Dr. M.J. Bazos, MD. Patient Handout
About Your Diagnosis
Urethritis is an inflammation of the urethra (the tube that carries urine from the bladder) caused by an infection. It may also be present during a bladder infection. Urethritis is caused by bacteria, trauma, or as a reaction to bath oils and bubble baths. It can be detected by testing the urine or by
examining a discharge, if there is any.

Living With Your Diagnosis
Signs and symptoms include urinating more frequently and in smaller amounts; pain or burning upon urination; a discharge of cloudy mucus (can
also be yellow-green); painful intercourse; and in older men, dribbling of urine.

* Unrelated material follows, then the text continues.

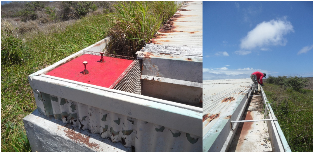
Intake of rain catchment with vegetation in gutter. Cleaning out gutters.

The rain catchment roof gutters were cleaned, and the intake was repaired. Restoration staff also controlled brush around the west portion of the structure.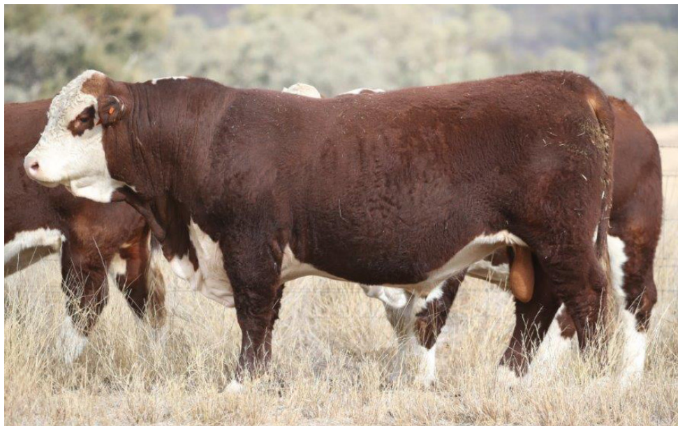
LOT 3 CASCADE MAVERICK M145 (AI) (ET) (P)

Notes: Full brother to previous lot.Real sire appeal. M145 has exceptional length and power to boot. Top 10% breed for all growth ebvs.

Antibiotics are needed to clear the infection. Sitz baths several times a day will help ease the pain. Nonprescription medications such as Tylenol or Advil can be taken for the pain. No special diet is needed, but fluid intake should be increased to eight glasses of water a day. Acidify the urine by drinking cranberry juice. Avoid alcohol and caffeine because they irritate the urethra. Avoid sexual intercourse until the infection is cleared. You will need a follow-up urine culture to verify this.

The DOs
• Take antibiotics as ordered until finished.
• Increase your fluid intake to include eight glasses of water per day.
• Avoid sexual intercourse until the infection is cleared.
• Avoid bubble baths and bath oils that may irritate the urethra.
• Keep the genital area clean, but use nonscented plain soaps.

The DON’Ts
• Don’t stop taking the antibiotics until finished. If the infection is not cleared, it could become a chronic problem.
• Don’t have sexual intercourse until the infection is cleared.
• Don’t use bubble baths, bath oils, or scented soaps.
• Don’t drink beverages containing alcohol or caffeine.

When to Call Your Doctor
• If a high fever develops.
• If blood is seen in the urine.
• If symptoms don’t improve in 1 week.